Managing the Cash Flow Gap

With uncertain conditions and increased volatility in the U.S. economy, businesses looking to grow and improve profitability will need to understand their anticipated cash flow needs and choose the most effective strategies to prevent or address cash flow gaps triggered by growth.

A cash flow gap arises when a company’s expenditures exceed the funds that are coming in, resulting in a shortage of cash on hand. This can occur, for instance, when a company’s expenses are due before it receives payment on its outstanding customer invoices.

If, say, expenses must be paid on the 15th of the month, but customers don’t pay until the 30th, the company will need to cover expenses in the latter half of the month without the benefit of incoming cash. In this situation, the company may struggle to meet its obligations, or it may need to borrow short-term funds to cover outstanding expenses.

Common Cash Management Strategies

Bootstrapping

Bootstrapping occurs when a company uses its existing resources to self-sustain its cash flow needs to promote and develop the business. Sources of funds and activities commonly associated with bootstrap financing include personal savings, family loans, purchasing used equipment, bartering, leasing real estate and property, or obtaining advanced deposits.

The key advantages of bootstrapping include:

  • The owner maintains equity and decision-making power in the business.
  • The company will have less debt and won’t have to pay interest on borrowed money.
  • The company will look more desirable to outside lenders and investors should its efforts prove successful.

The potential disadvantages include:

  • The owner is forced to come up with all the financing.
  • Growth speed can be limited.
  • Operations may suffer due to financial resources being tied up in revenue-producing activities.
  • Operating on low levels of capitalization requires additional time and resources.

Debt Financing

Debt financing is when companies or individuals borrow money from a lender with terms to repay the loan plus interest. Common sources of debt financing include credit cards, loans from banks or financing companies, loans from private debt investors, or capital leasing.

The key advantages include:

  • The owner maintains equity in the company.
  • Tax deductions are allowed for interest on the loan.
  • Debt obligations are limited to the principal balance and interest over the defined term of the loan.

The potential disadvantages include:

  • Liability for repayment.
  • Potentially high interest rates.
  • Negative credit rating impact.
  • Having to provide collateral on certain loans.
  • It may be viewed as a high risk by potential customers or investors.

Asset-Backed Debt Financing

Asset-backed debt financing can allow companies to maximize their borrowing capacity by pledging collateral.

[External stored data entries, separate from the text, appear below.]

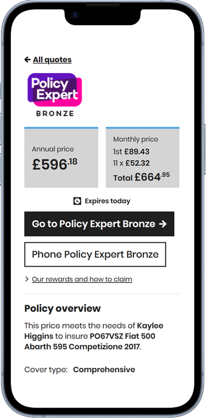Kaylee Higgins cut her Abarth 595 Competizione insurance price from £1,784.97 to just £596.18 using our tips and tricks, saving an amazing £1,188.79. A few smart tweaks were all it took!
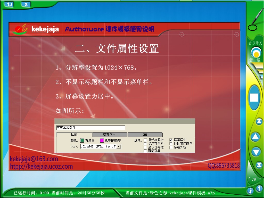 kekejaja_Authorware课件模板是运用Authorware7.0编写的一个课件翻页模板,集成了翻页的常用功能,如上一页、下一页、首页、尾页等。同时集成了常用的功能按钮,如退出、返回等,同时设置背景音乐模块,可以自由设置课件中的背景音乐。并在课件模块中植入了电子注释笔功能模块,使在多媒体演示中能够自由灵活的对关键字词进行标注、圈点等。课件界面如下:
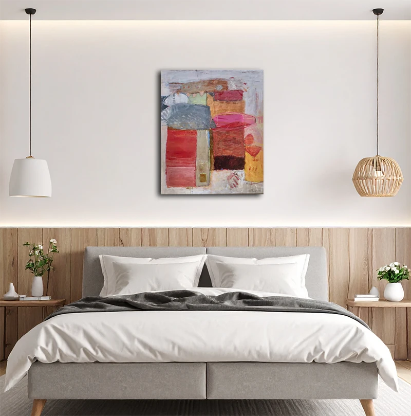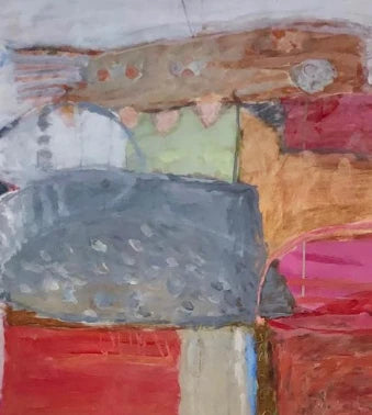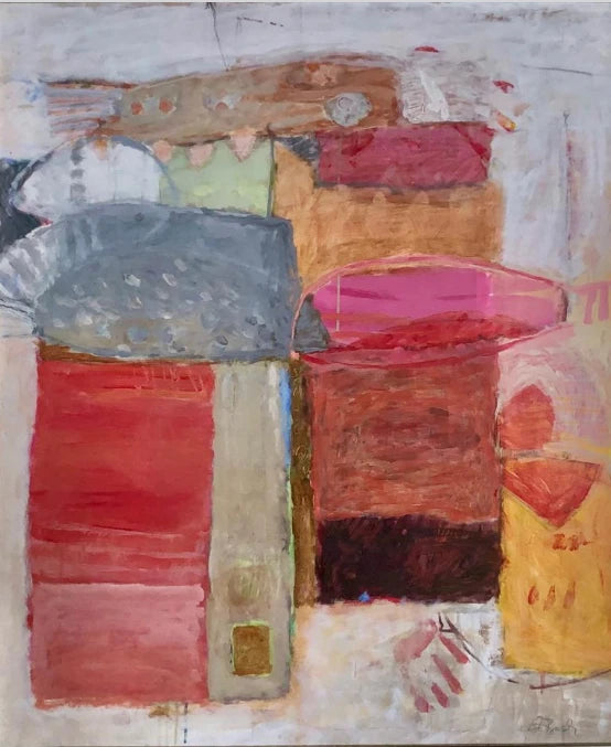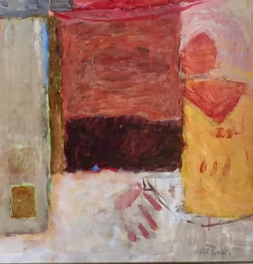 Dieses abstrakte Gemälde zeichnet sich durch eine komplexe Komposition aus gestapelten, blockartigen Formen aus. Die kraftvolle Farbpalette umfasst erdige Töne wie Rot und Braun, kontrastiert durch leuchtende Akzente in Pink und Gelb. Die Pinselführung ist abwechslungsreich und reicht von pastos bis flächig. Im unteren Bereich deuten eine stilisierte gelbe Gestalt und eine andeutungsweise dargestellte Hand figürliche Elemente an. Das Werk erzeugt eine dynamische Spannung zwischen strenger Form und spontaner Geste.
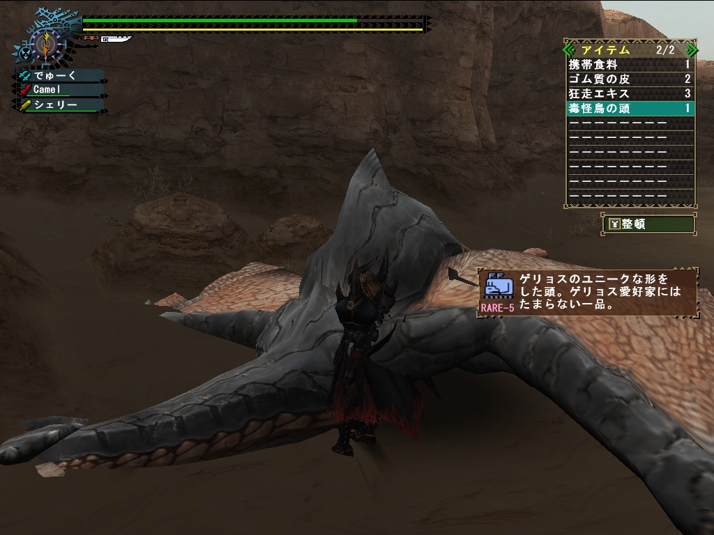 毒怪鳥の頭。こっそりと剥ぎ取りまくってますが初入手。
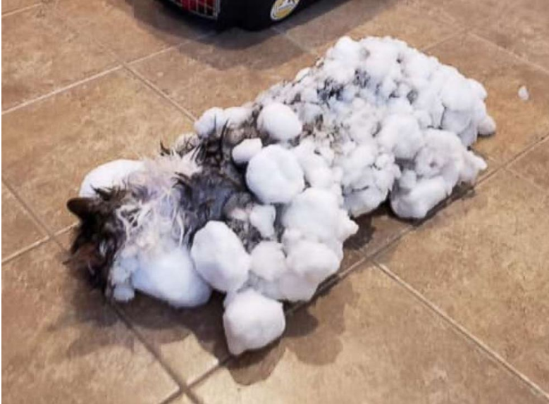 Fluffy’s furs were matted with huge clumps of ice. The cat was warmed for hours using warm water and blankets until she came to her senses.
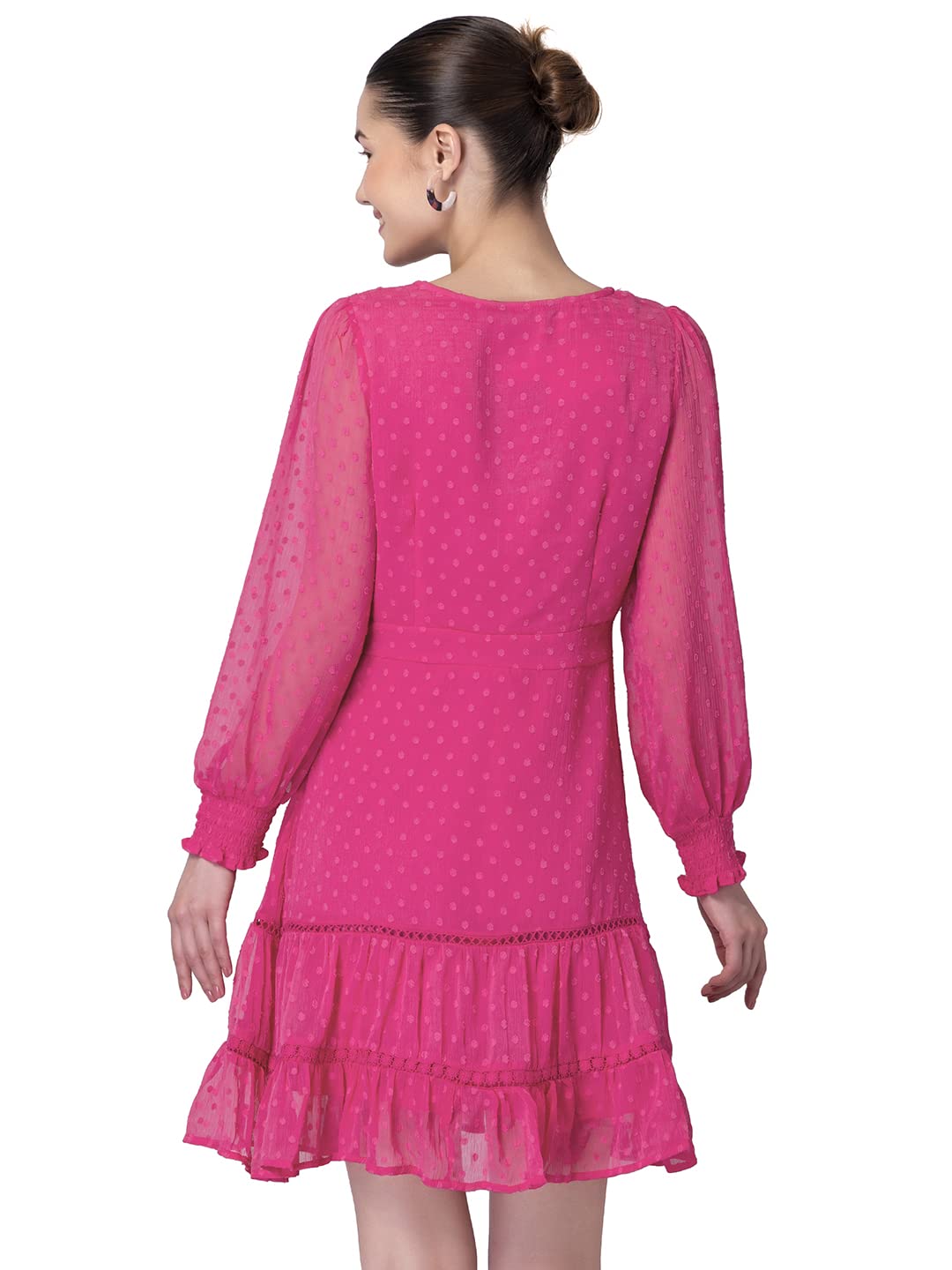 Generic Name : Hot Pink Ruffled Wrap Dress
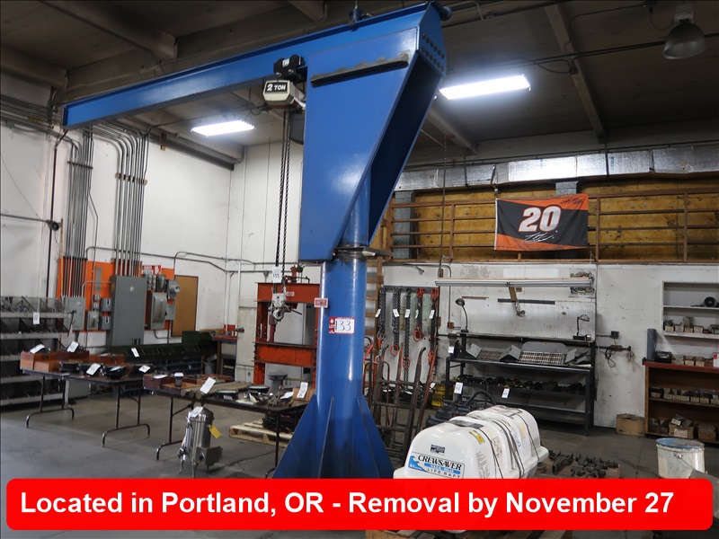 2 TON CAPACITY SHOP BUILT SWING ARM JIB W/COFFING 2 TON ELECTRIC CHAIN HOIST W/PENDANT CONTROLS
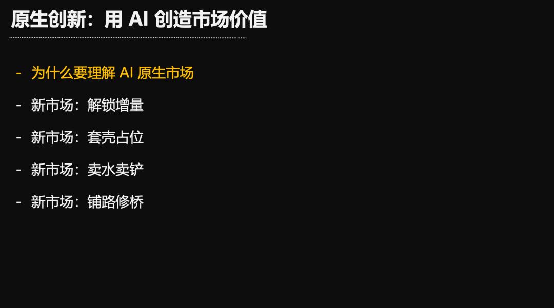 所以我建议保持警惕,哪怕你的生意看起来跟AI一毛关系都没有,也要去理解AI原生市场的机会。
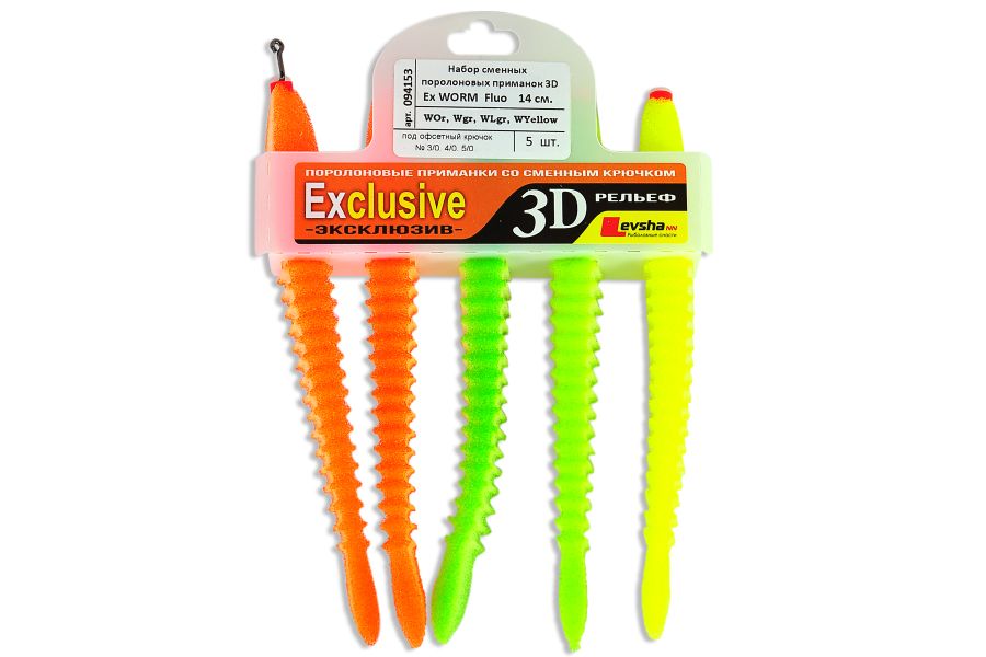 Набір змінних поролонових приманок Levsha NN 3D ExWorm - Колір Fluo WOr/WOr/WGr/WLgr/WYellow

For businesses without strong balance sheets or historically profitable operations, this may be a preferable approach to establishing or rebuilding credit with a financial institution.

Asset-backed lending works well for manufacturers with seasonal volume spikes or highly variable industry cycles that can disrupt their cash flow. Such businesses may experience rapid growth at certain times and have well-performing receivables. However, they may lose out on opportunities due to undercapitalization.

Factoring

Accounts receivable factoring is a form of asset-backed lending commonly used by manufacturers. A factoring transaction occurs when a business sells its accounts receivable to a financing company at a discount in return for immediate payment.

Although the business will not receive the entire amount of the original receivable, the financing should allow for larger volumes of sales to occur while the company builds working capital to grow.

This is often the most expensive form of cash flow, but if other options are not available, factoring can provide the working capital a company needs.

Regardless of whether factoring is an option or not, decreasing the collection time of receivables should always be a focus.

Cash Flow Gap Strategies Summary

Numerous cash management options can be implemented as part of a company’s strategy to combat the cash flow gap. One aspect they share is that they take time to initiate.

As the outlook and shape of the banking industry have changed in recent years, companies need to evaluate their available options and be prepared to implement a concerted solution as growth opportunities emerge.